Sunday, December 20, 2009

My Child is the best - No Really.

I am VERY conscious of the comparisons that go on between children and I strive (oh how I strive) to remind myself daily that my child is my child and different from every other child in his strengths and weaknesses.

This is one of the things that I feel most strongly about and I believe that it is SO important for him to grow up knowing that he does not need to compare himself to anyone else in any way.

Something I have said from the beginning is that I want Action man to have the greatest amount of self confidence and belief in himself andhis abilities. I want him to feel supported to go out and get whatever it is in life he may want and to dream big in the process. I wan "No Limits" to be our family motto.

This great article was published in the Opinion Pages of the Sydney Morning Herald Yesterday. It really hits the mark about how we should think of our kids.

December 19, 2009 Adele Horin


'Tis the season to … rank the kids. The Higher School Certificate marks are out and the high achievers' lists are published. The university entrance scores are known, determining with decimal-point precision a child's future direction, at least in the short term. Whether 'tis the season to be jolly depends in some households on how the kids have rated: better or worse than expected, better or worse than their peers, their cousins, their father's boss's daughter?

In a country that elevates teenage sporting stars to hero status, it is good to see the brainiacs on the front page, and whole pages of fine print devoted to academic high flyers.

But when the evanescent moment has passed, let's get some perspective on how we rank our kids. A lot of parents will be feeling disappointed with their child's results. Disappointment comes with the parenting territory. Parents may be crazy about their kids. But often they are their child's worst critics.

They notice the weaknesses in their children and overlook the strengths. They worry about poor grades and overlook kind hearts. When it comes to ranking the kids, our set of criteria is too narrow.

It's the guilty secret of parents that they cannot help but compare and contrast their children with the others, and all too often find their own wanting.

If their children are sporty, parents worry they don't study enough; if their children are academic, parents worry they don't play sport. If the children are gregarious, parents wish they'd read more; if they always have their head in a book, parents want them to be more sociable. Just about every parent worries their child spends too much time in front of a computer screen enjoying themselves when they should be studying/sleeping/exercising.

There is always a new opportunity to worry that a child is lagging in some department and in need of improvement. Even children with talent are compared to the protege, and can end up feeling a failure.

It's a perilous journey parents take between neglect and encouragement. Be lackadaisical about study, be of the school that maintains the system puts children under too much pressure and the HSC is over-rated, and children will be hampered, possibly for life, by a poor work ethic and an embarrassing HSC mark. Be a nag and parents can forget to enjoy their children for who they are.
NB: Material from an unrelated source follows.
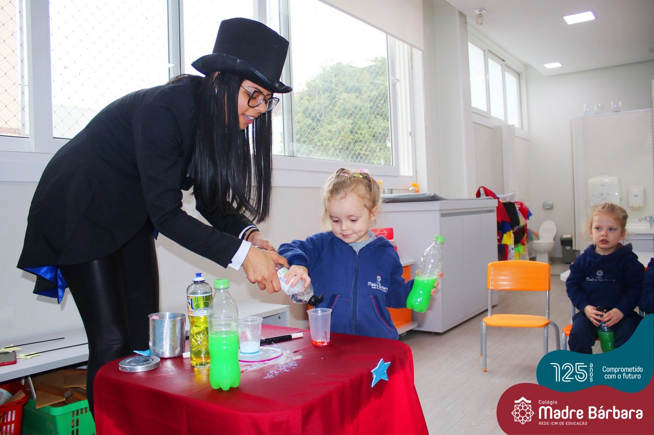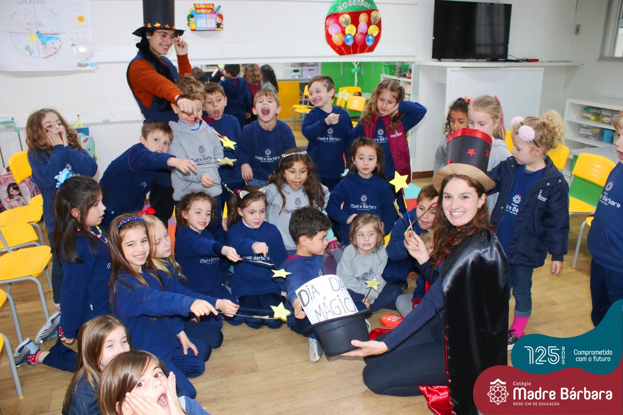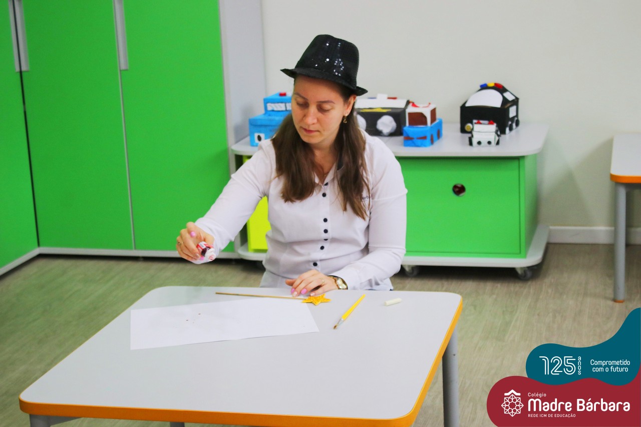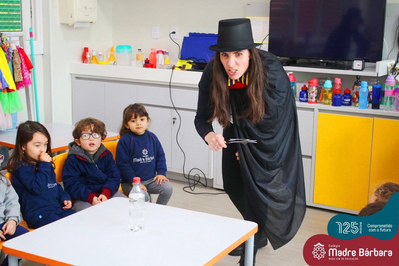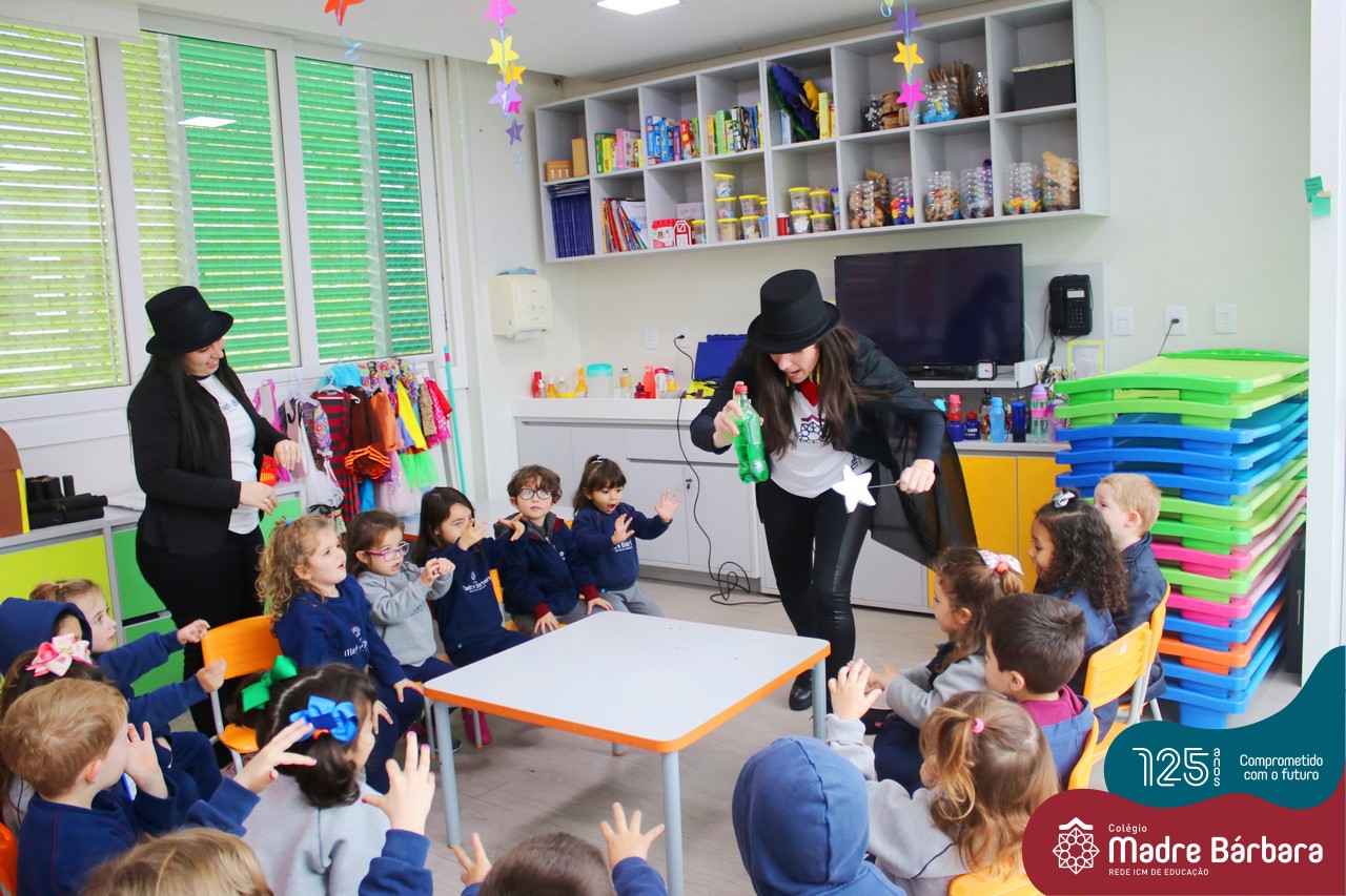 O primeiro dia da Semana da Criança foi marcado por encanto e magia. As crianças foram recebidas em um ambiente especialmente preparado com muita cor, cartolas e estrelas! O dia foi de mágicas que empolgaram as crianças e professoras. Abracadabra…simsalabim!!!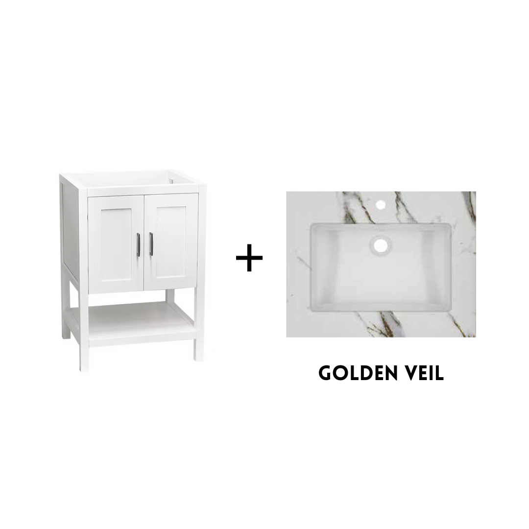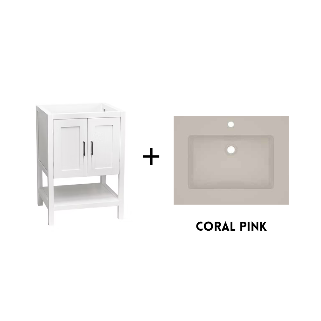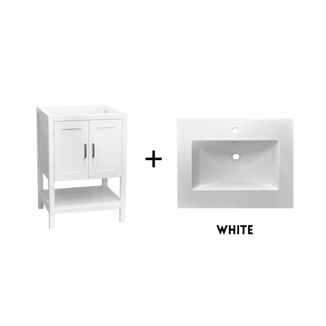 The Monterey 24" Freestanding Bathroom Vanity combines modern lines with warm, inviting finishes, making it a versatile foundation for a stylish bathroom design. Available in crisp White or rich Walnut, this compact vanity offers smart storage, a clean silhouette, and the flexibility to pair with your choice of countertop and sink.

Most new parents with tiny babies will tell you they just want their children to be happy. But before long, a worm of desire wiggles into parents' hearts - for the child to be the greatest, the best, the first, to shine for others as he or she shines for them. Sensible parents know it is pathetic to bask in the reflected glories of the child but they accept the congratulations, anyway.

Competitive parenting starts in the mothers' group when it is impossible not to notice which infant sits up first, walks first, talks first. Later parents notice who reads and writes first. How well I remember my nights at a particular house when I was part of a babysitting co-op. Surrounded by mind-expanding puzzles, clever board games, and tomes on the Ancient Greeks, the children expounded in the sweetest way on everything from the wonders of the milky way to the evolution of a post-communist society. I exaggerate a little, but I'm sure the eight-year-old was reading Anna Karenina when mine was working his way through the Goosebumps series. I always left feeling in awe and inadequate.
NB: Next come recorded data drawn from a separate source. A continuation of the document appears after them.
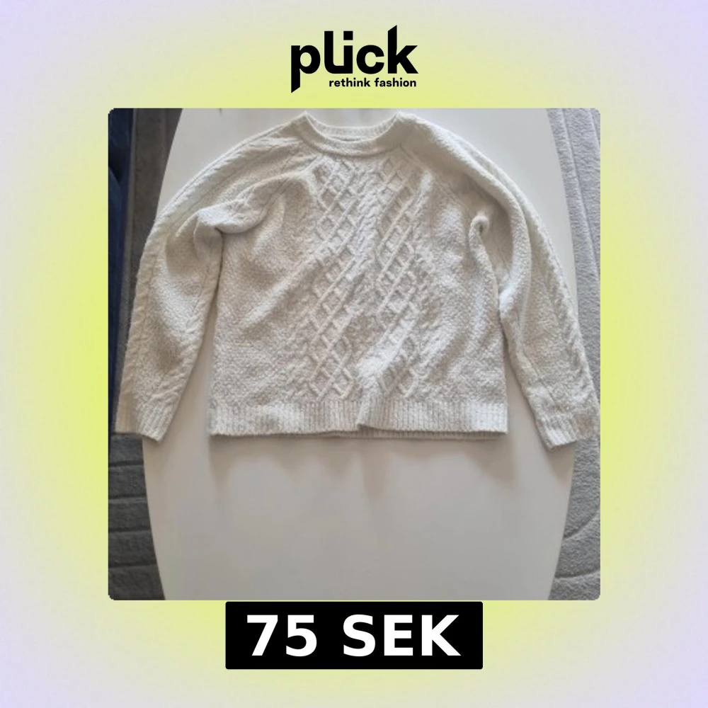 Mysig vit stickad tröja från 157 med snyggt kabelstickat mönster framtill och ribbade muddar. Perfekt för kyliga dagar och passar till allt. Klassisk rund halsringning och långärmad modell.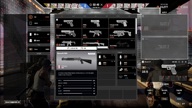 특이한 부분은 사망 시에도 구매한 총기가 유지된다는 점이다. 재화인 코인이 장비 구입 외에도 레벨에 투자되기 때문으로 추정된다. 승자의 권리인 더 좋은 장비 구입과 코인 관리 등의 전술적 포인트를 총기 개조로 옮긴 느낌이다. 덕분에 슈팅게임 실력이 절망적인 필자 입장에서도 부담 없이 장비를 구입하며 게임을 즐길 수 있다.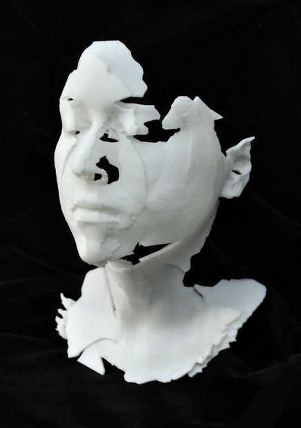 Aquí, el archivo ha sido impreso en tamaño natural en acrílico blanco de ABS con una impresora Dimension. Esto fue utilizado para un maestro para producir un molde de silicona y perdido de la cera del molde, eventual dando por resultado una escultura en bronce. (Es un tema para otro día...)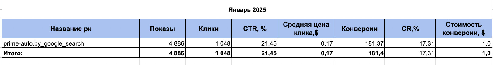 Общий результат: 230 заявок с сайта за первый месяц работы.Средняя стоимость заявки: 1,16 доллара.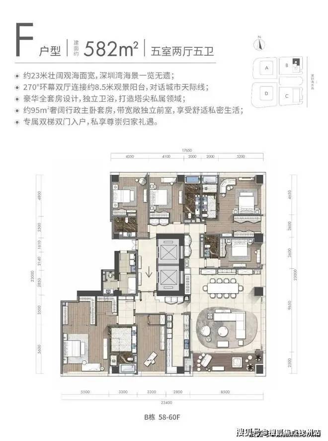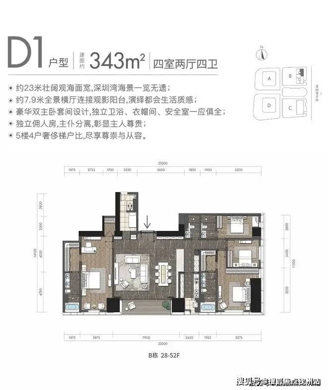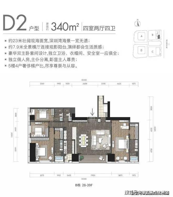 03/04户型:340平4房5卫海景深圳湾景观约23米观海面宽,海景、湾景、城市景观一览无余)

The tendency to compare is the killjoy of parenting. Try as parents might to disguise pride in a toddler who is first off the mark, or disguise worry about a late-starter, it seeps out. Fortunately parents rarely go as far as Mitsuko Yamada, a Japanese mother who killed a two-year-old girl in a fit of envy after the toddler beat her own daughter to a place in an elite nursery school.

After hearing my complaints about a son who preferred soccer to study, an acquaintance who was a teacher at a tough high school asked me: "Is he sneaking out the window at night to go drinking?" No, he wasn't. "Is he turning up at school every day?" Yes, he was. "Well what are you worrying about?" the teacher said.

Perspective is all. The antics of boys from tough schools may seem of little relevance to a privileged family, such as my own. But as children grow up, stories of middle-class teenagers who sell drugs, drop out of school, are paralysed by depression, are psychotic with anorexia, or travel with a bad crowd are constant reminders that academic ranking is not everything, not nearly the most important thing.

Parents with new babies and syrupy wishes for a happy child are right. Having a clever child is less important than having a happy one. Having a child who tops the ranks means little if he has a mean streak, a big ego or an inability to get on with people.

It takes a long time to see how your children turn out, an older, wiser parent once told me. How we end up rating the kids when we are old, sick and needing them may have little to do with how clever they are and everything to do with the kindness of their heart.